Crawford kicked off with Manuel de Falla’s Miller’s Dance from the 1919 ballet The Three Cornered Hat.

This was the first time I had heard the dance arranged for guitar solo and it came across very differently from the normal full orchestra plus stage treatment.

Without strobe lights, chorus, dancers, scarves, castanets, stamping and choreographics, it emerged as a moody idea piece with a percussive and melancholic flamenco flavour. I cannot resist a factoid here: the 1919 sets and costumes were designed by some “unknown bloke” called Pablo Picasso.

Next, two sound paintings from what he called “the Spanish Moorish/Christian tradition” by Isaac Albéniz: Granada and Rumores de la Caleta (Sounds from the Cove). The first evoked the ancient city of Granada with its Islamic architecture by using Arabic scales and intervals in the bass, with a modern style melody on top.

The second had more of a folk atmosphere, using percussive hammers-on that were reminiscent of Andrew York’s Sunburst.

Crawford then gave a well-balanced interpretation of Erik Satie’s 1890 piano piece, Gnossienne. One asks oneself if Satie was serious about this work, whether it is a mickey-take of contemporary music or of the audience’s expectations, or a self-parody. Its sheer playfulness seems to indicate all four.
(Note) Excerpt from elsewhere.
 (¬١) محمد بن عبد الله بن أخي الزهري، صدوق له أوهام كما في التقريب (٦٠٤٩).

The highlight of the first half was Stephen’s rendering of Agustín Barrios’s 1944 Una Limosna por el Amor de Dios (Alms for the Love of God), one of the great tremolo pieces of the 20th century.

The effect of the piece can be rather over-the-top in its desperate and pleading tone, and almost unbearable in its insistence. But Crawford toned down the volume of the entreaties and, using a “less is more” approach, generated more genuine pathos than many other interpreters of this work have managed.
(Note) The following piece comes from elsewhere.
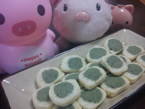 刚好打开新的绿茶油,就做个绿茶味的饼干吧~~包了边,就是不一样哈~~

His tremolo was rock steady, the bass riffs crystal clear. This was a masterful interpretation.

Recalled by tumultuous applause, he encored with Jobim’s One Note Samba.

Smith played the second half of the evening, starting with Barrios’s Barcarolle (boat song), Julia Florida.
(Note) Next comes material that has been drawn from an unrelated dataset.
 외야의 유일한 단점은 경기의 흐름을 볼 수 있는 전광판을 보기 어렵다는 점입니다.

Composed in the 1930s and dedicated to the daughter of a friend, this is one of Barrios’s lyrical masterpieces. It’s also very demanding to play. But despite a back injury rendering any movement difficult and sitting down especially painful, Smith gave a beautifully light interpretation of the piece, emphasising its simple emotions, which are somehow tinged with the sadness of life’s transience.

He then moved on to Tárrega’s 1902 Gran Vals. This was more a European-style waltz than those of the South Americans, such as Lauro and Barrios, and it had a Viennese ring to it. It was a lovely piece and, like many of Tárrega’s tunes, somehow sexy.

It’s a pity that Tárrega’s estate did not extend the copyright on this piece: bars 13–16 were used by Nokia, the Finnish cellphone maker in the 1990s, for their “standard” ringtone, which in 2010 was played an estimated 1.8 billion times a day. Next, Brazilian Zequinha de Abreu’s 1917 chôro composition Tico-Tico no Fubá (Sparrow in the Cornmeal).

It’s one of those catchy tunes made famous by Carmen Miranda in the 1930s and 1940s (available on YouTube) but which, until someone hums it to you, doesn’t mean much.

The music is actually a clever portrait of the way that sparrows hop and move.

Claude Debussy’s Claire de Lune has been transcribed for the guitar a number of times, explained Smith, but these versions are often unplayable.

He recently came upon an arrangement for guitar by a Turkish classical guitarist and arranger, Emre Sabuncuoglu, which he played.

It was a wonderful mood piece and the audience was hungry for more. As a finale, he gave us Andrew York’s Sunburst (Jubilation), reminding us all that York himself had played the piece on the same stage some ten years ago.

This was a fitting burst of energy and joy to end a terrific first night.